# Sting-Ray Deluxe seat post length?



## el_Luchador76 (Aug 23, 2021)

Does anyone know if the front seat post found on a 65 (or similar) Sting-Ray is longer or the same size as a typical seat post found on a heavyweight cruiser?  I've got some lying around and wondering if they will work or I need to find a Sting-Ray specific post.  To be clear, I allready have the saddle (70's Troxel, ~standard banana) and rear loop, which is 24" from clamp to seat connection.  Thanks!


----------



## coasterbrakejunkie1969 (Aug 23, 2021)

el_Luchador76 said:


> Does anyone know if the front seat post found on a 65 (or similar) Sting-Ray is longer or the same size as a typical seat post found on a heavyweight cruiser?  I've got some lying around and wondering if they will work or I need to find a Sting-Ray specific post.  To be clear, I allready have the saddle (70's Troxel, ~standard banana) and rear loop, which is 24" from clamp to seat connection.  Thanks!

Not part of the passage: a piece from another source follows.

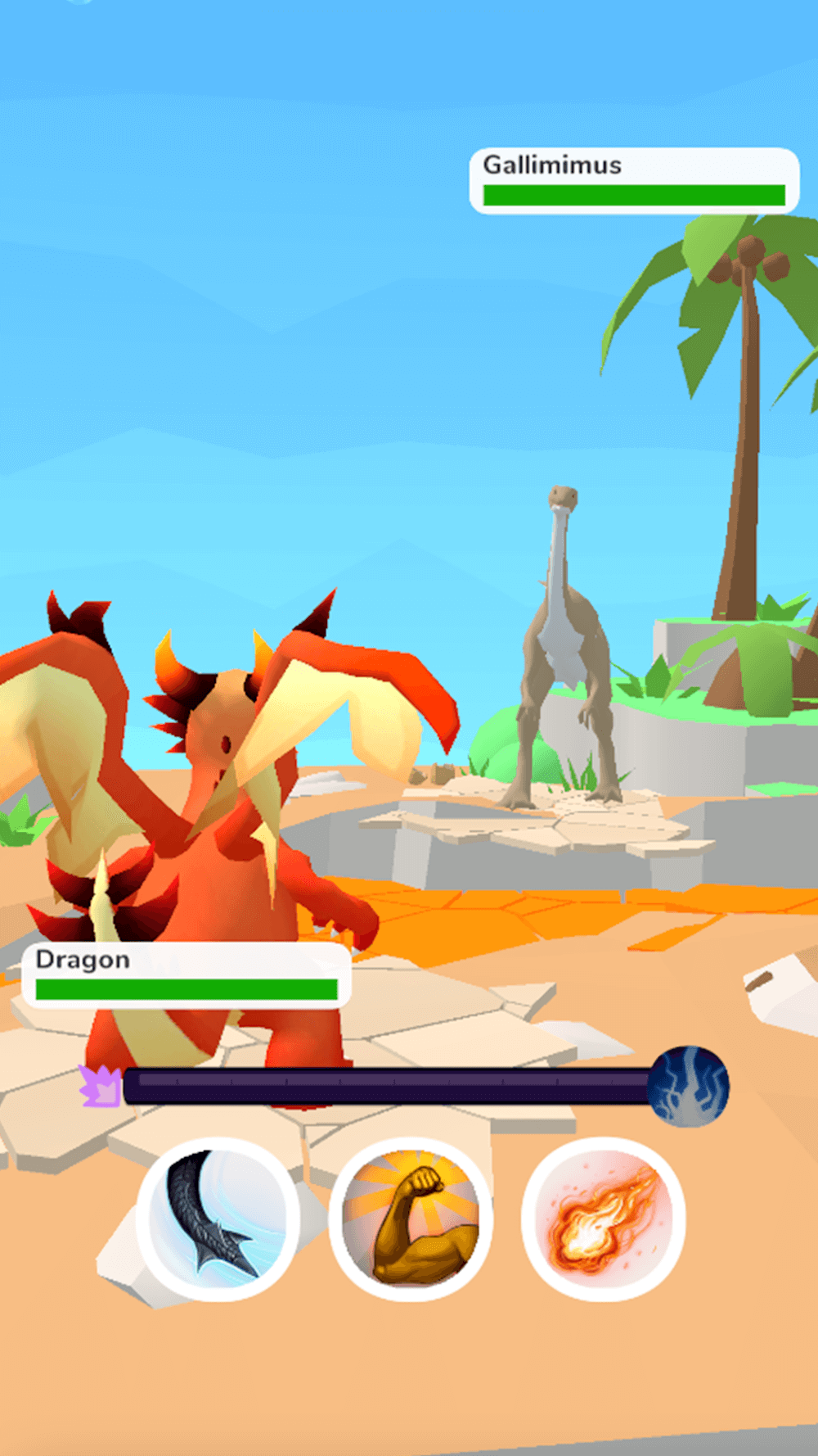 Dnadino apk-en d by the system. The battle will take place under your control. Basic attack moves will be displayed on the screen for players, and a power meter specific to these moves is also used. Both warriors are updated with live health for players to observe easily. When using the right to replenish health, you have an extra respawn turn to continue the match. Winners will be rewarded with coins to develop research work further. You will own a huge collection of dinosaurs after participating in this mission.

Not exactly sure but I think the Stingray post is longer. That being said if you have the seat down far enough it will not matter. I'm a bit taller and like the seat way up and therefor need the longer post.


----------



## pinopat (Aug 23, 2021)

According to the 1964 and 1965 dealer catalogs the part number for the Stingray seat post was 7208. The 7208 part was described in the 1964 parts catalog as "Chrome, 14 inches long". There is no diameter provided. It is the seat post with the longest stated length. (So it is longer) Here is the seat post section from the 1964 parts and accessories documentation (look at part number 7208 about halfway down the list).


----------



## el_Luchador76 (Aug 24, 2021)

That's amazing!  Thanks!


----------